Your answer must be an exact copy of the lines from the one containing "LOV Women's Off-White" through the last line of the records below, with no pictures; please include nothing else.

(Dataset records Opens)

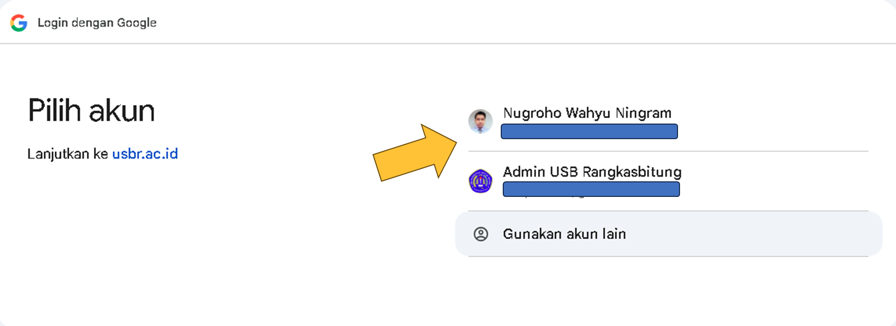 - Jika pilihan akun google Anda tidak tampil, silakan login terlebih dahulu pada akun google Anda. Lengkapi tahapan login sampai berhasil. Jika mengalami kendala login google, silakan gunakan fitur lupa sandi pada halaman google anda. Lewati tahapan ini ke tahap nomor 6 jika Anda sudah memiliki daftar akun google seperti contoh tertera pada tahapan nomor 3.
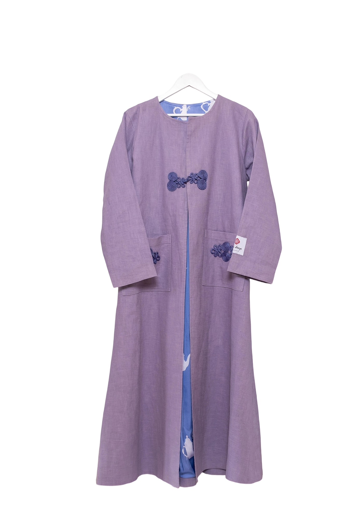 Linen trench coat with Moroccan teapot embroidery on the back, satin lining, that you can match with crepe trousers with teapot design. One-of-a-kind piece, available in all colors and sizes.
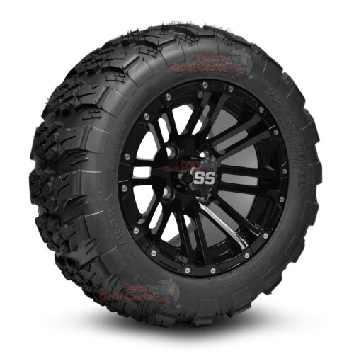 This 12″ HD3 Gloss Black Golf Cart Wheel and 20″ Tire Bundle Includes:
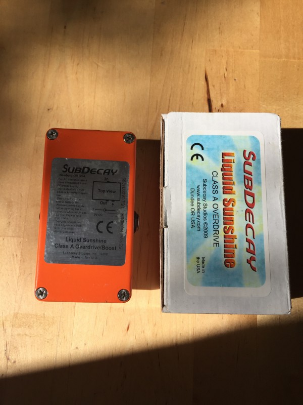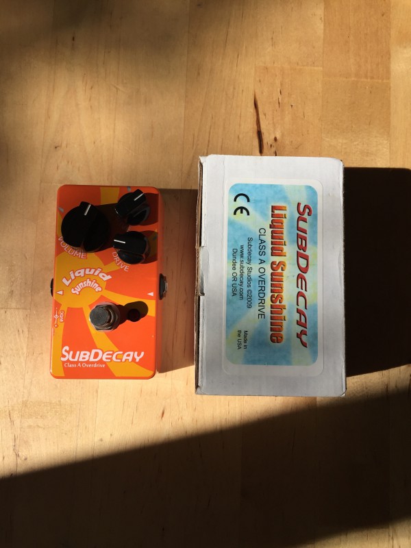 je vends une Subdecay Liquid Sunshine, pedale allant du low gain à l’overdrive fuzzy. L’originalité de la pédale réside dans ses régalges : le premier potard de drive permet de régler un niveau de drive pour l’ensemble du spectre, et le second d’en ajouter sur les fréquences médiums et aigues.
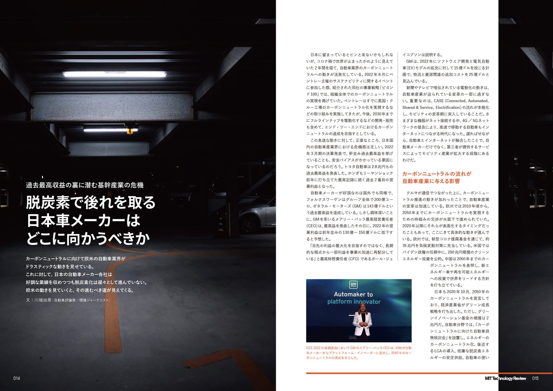 投資が急拡大している「気候テック」の分野からは、クリーンエネルギー、ペットボトルリサイクル、地熱発電、バイオ油など、世界最先端のエマージング・テクノロジー企業を一挙紹介。日本の基幹産業である自動車メーカーの脱炭素戦略を、ジャーナリストの川端由美氏が解説します。さらに国や企業がGX、イノベーションに取り組む際の姿勢について、国連の専門家組織のメンバーである田中加奈子氏、エネルギーアナリストの大場紀章氏の提言を掲載します。
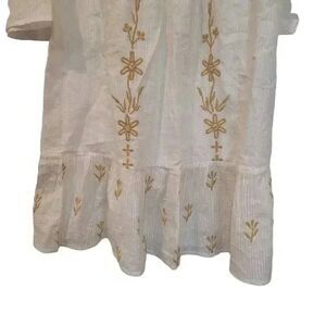 LOV Women's Off-White Cotton & Gold Floral-Embroidered Lined Dress EUC sz S
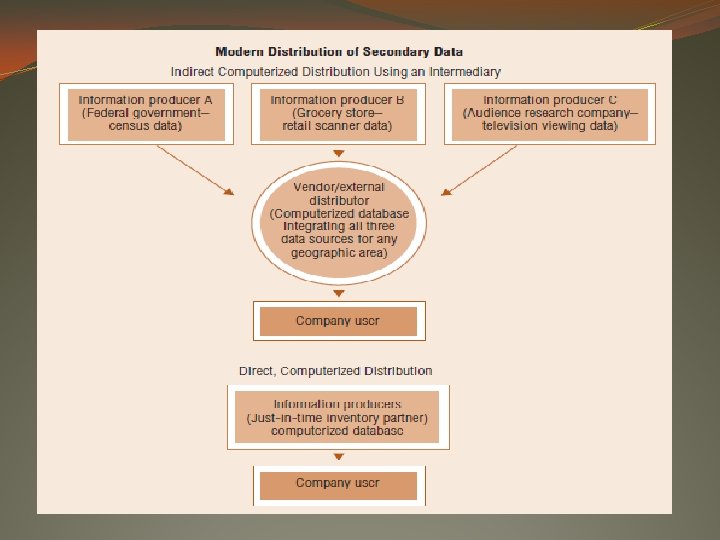 External Data External data are generated or recorded by an entity other than the researcher’s organization. The government, newspapers and journals, trade associations, and other organizations create or produce information. (varlık) Traditionally, this information has been in published form, perhaps available from a public library, trade association, or government agency.

(Dataset records Closes)

### Problem solution
 LOV Women's Off-White Cotton & Gold Floral-Embroidered Lined Dress EUC sz S
 External Data External data are generated or recorded by an entity other than the researcher’s organization. The government, newspapers and journals, trade associations, and other organizations create or produce information. (varlık) Traditionally, this information has been in published form, perhaps available from a public library, trade association, or government agency.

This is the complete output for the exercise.